Albert W. Fuller (1854-1934) was an American architect practicing in Albany, New York.

==Life and career==
Fuller was born in the town of Clinton, New York. From 1873 to 1879 he trained as a draftsman in the office of Albany architects Ogden & Wright. He then opened his own office. In 1883 he formed a partnership with William A. Wheeler, a native Albanian who had studied under Boston architects. This firm lasted until 1897. He practiced alone until 1900, when he formed a partnership with William B. Pitcher (1864–1921), a former draftsman of Fuller's. The firm was incorporated in January 1906, and Pitcher retired in 1909, due to poor health. Fuller then established a partnership with William P. Robinson.

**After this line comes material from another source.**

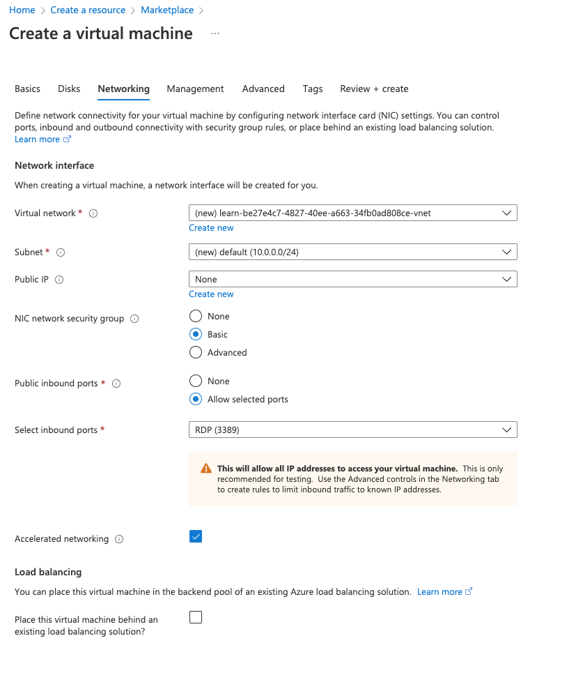 We want to be able to access the desktop for this Windows VM using RDP. (This is for lab only)
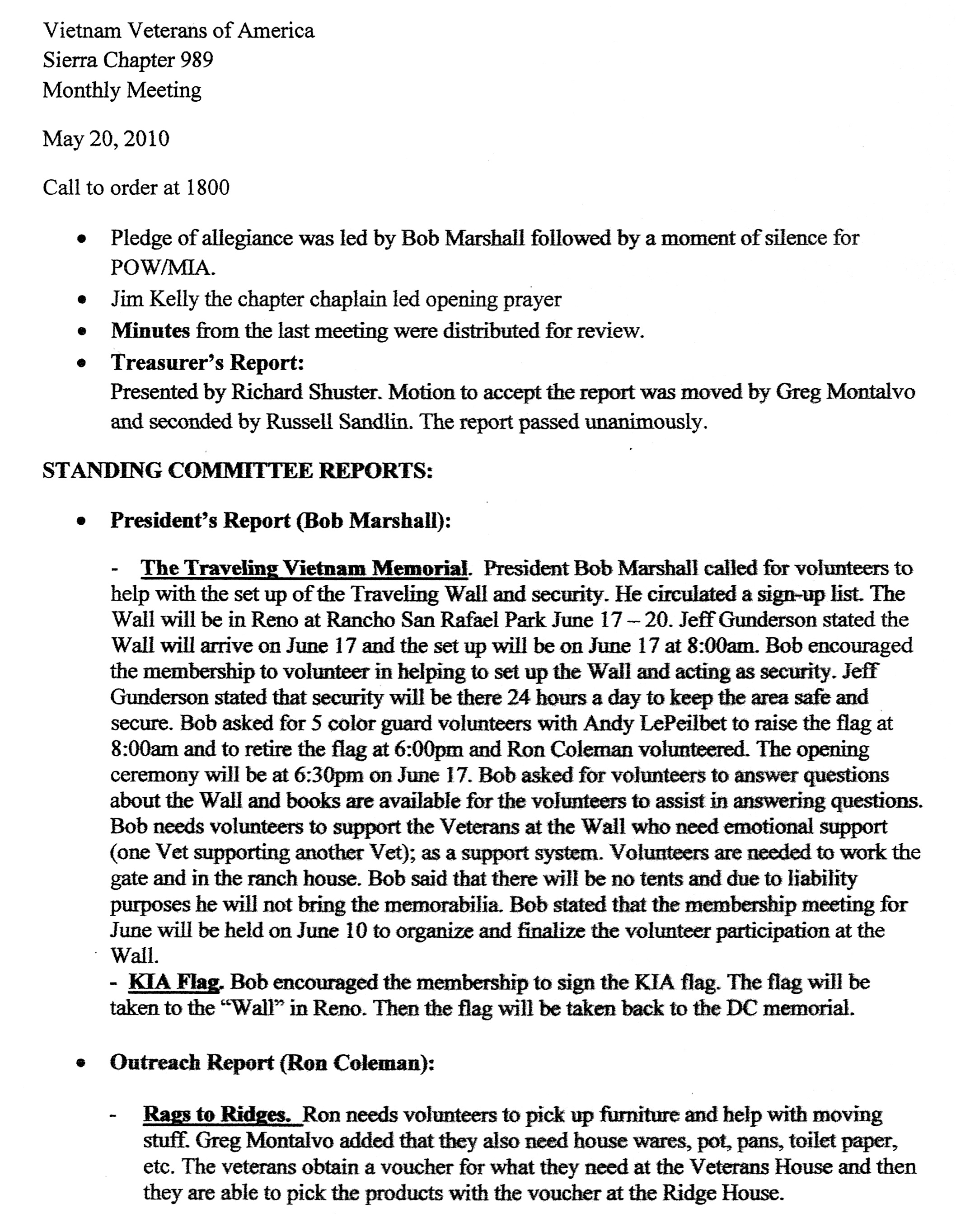 Vietnam Veterans of America Sierra Nevada Chapter 989 Reno, Nevada

The firm lasted until 1934, with Fuller's death. Fuller died in his office, while resting from his work. His death was attributed to heart disease.

==Architectural works==

===Albert W. Fuller, 1879–1883===
- 1881 - George W. van Slyke House, 756 Madison Avenue, Albany, New York
- 1882 - Albany County Bank Building, 6 South Pearl Street, Albany, New York
  - Demolished in 1927.
- 1882 - Charles B. Kountze House, 225 East 16th Avenue, Denver, Colorado
  - Demolished in 1963.
- 1883 - Albany Safe Deposit and Storage Building, 60 Maiden Lane, Albany, New York
  - Demolished.
- 1883 - Frederick Haslett House, 87 Main Street, Fort Plain, New York

===Fuller & Wheeler, 1883–1897===
- 1885 - Edward Ellis House, 215 Union Street, Schenectady, New York
- 1885 - Horace G. Young House, 425 State Street, Albany, New York
- 1886 - Hampton B. Denman House, 1623 16th St NW, Washington, DC
- 1886 - Henry C. Pierce House, 40 Vandeventer Place St. Louis, Missouri
  - Demolished. Vendeventer Place no longer exists.
- 1886 - Delaware & Hudson Station, Bridge Street, Plattsburgh, New York
- 1886 - Y. M. C. A. Building, 62 N Pearl Street, Albany, New York
- 1887 - Academy of Music, 82 Broadway, Newburgh, New York
  - Later the Academy Theatre. Demolished.
- 1887 - Auburn High School, Genesee Street, Auburn, New York
  - Demolished.
- 1887 - Zenas Crane House (Willow Brook), 30 Main Street, Dalton, Massachusetts
  - Demolished.
- 1887 - Hoosick Falls M. E. Church, 130 Main Street, Hoosick Falls, New York
- 1888 - Louis D. Collins House (Belhurst), 4069 Route 14, Geneva, New York
- 1888 - Earl Memorial Chapel and Crematorium, Oakwood Cemetery, Troy, New York
- 1888 - Harmanus Bleecker Hall, 161 Washington Avenue, Albany, New York
  - Burned in 1940.
- 1888 - Delaware & Hudson Station, 20 Park Place Port Henry, New York
- 1889 - Edward McKinney House, 391 State Street, Albany, New York
- 1889 - Normal Hall, Plattsburgh Normal School, Plattsburgh, New York
  - Burned in 1929.
- 1889 - Silliman (Couper) Hall, Hamilton College, Clinton, New York
- 1889 - Y. M. C. A Building, 1155 Rue Metcalfe, Montreal, Quebec
  - Demolished.
- 1889 - Y. M. C. A. Building, Main and Court Streets, New Britain, Connecticut
  - Demolished.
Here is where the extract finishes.